▸ **What to work on**: Give again, word for word, each line below starting at the one that contains "Ciottolo wall lamp → LD0480G3" and ending at the one that contains "Wall lamps and".

▸ **Dataset**:

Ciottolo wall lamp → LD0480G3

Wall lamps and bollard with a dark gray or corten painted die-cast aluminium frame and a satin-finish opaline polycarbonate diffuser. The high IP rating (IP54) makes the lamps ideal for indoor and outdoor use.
==
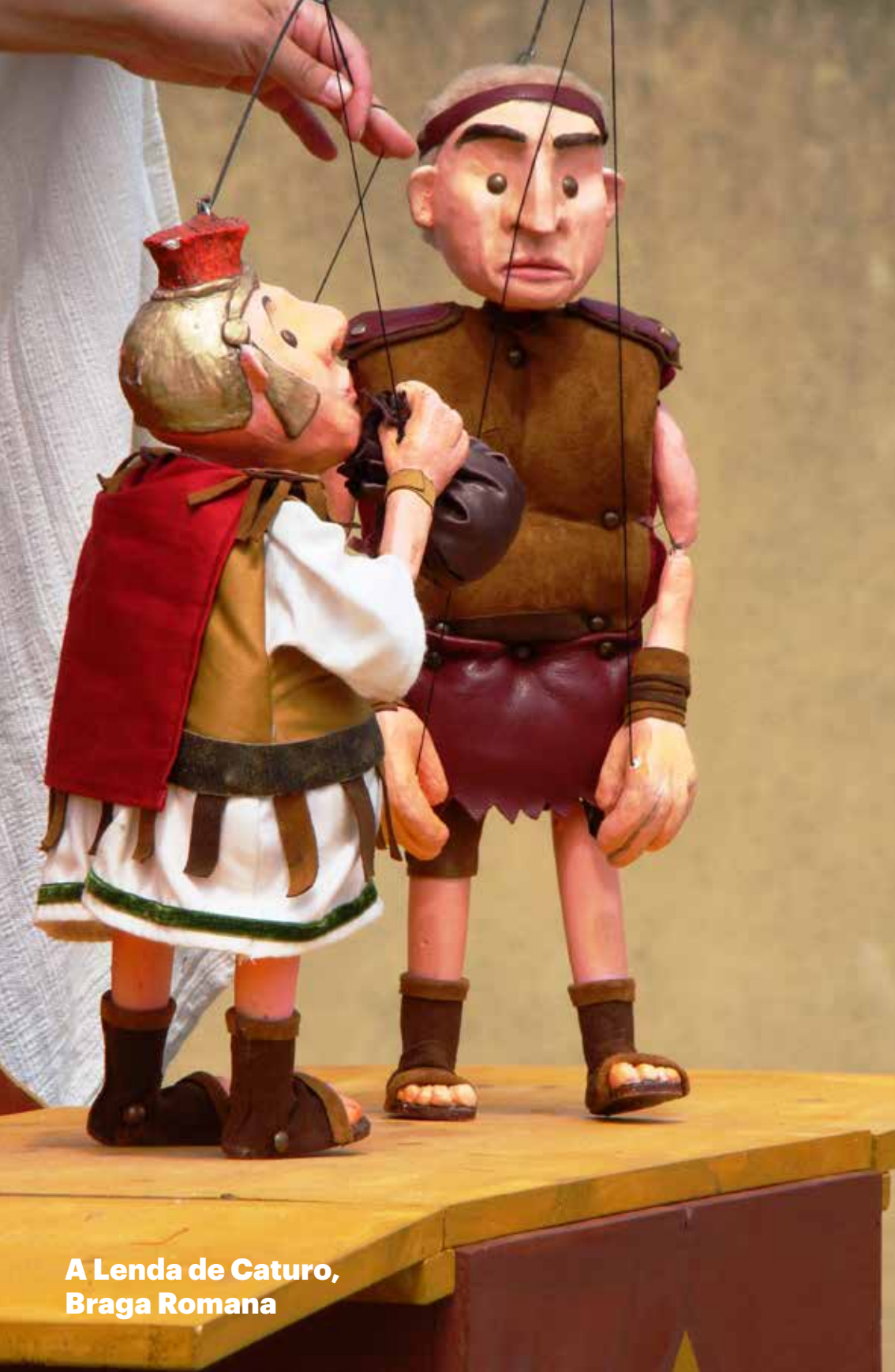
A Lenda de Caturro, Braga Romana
---
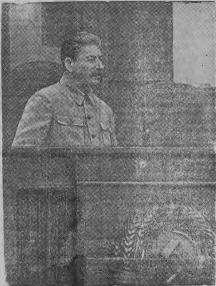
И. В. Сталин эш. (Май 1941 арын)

▸ **Your solution**:
Ciottolo wall lamp → LD0480G3

Wall lamps and bollard with a dark gray or corten painted die-cast aluminium frame and a satin-finish opaline polycarbonate diffuser. The high IP rating (IP54) makes the lamps ideal for indoor and outdoor use.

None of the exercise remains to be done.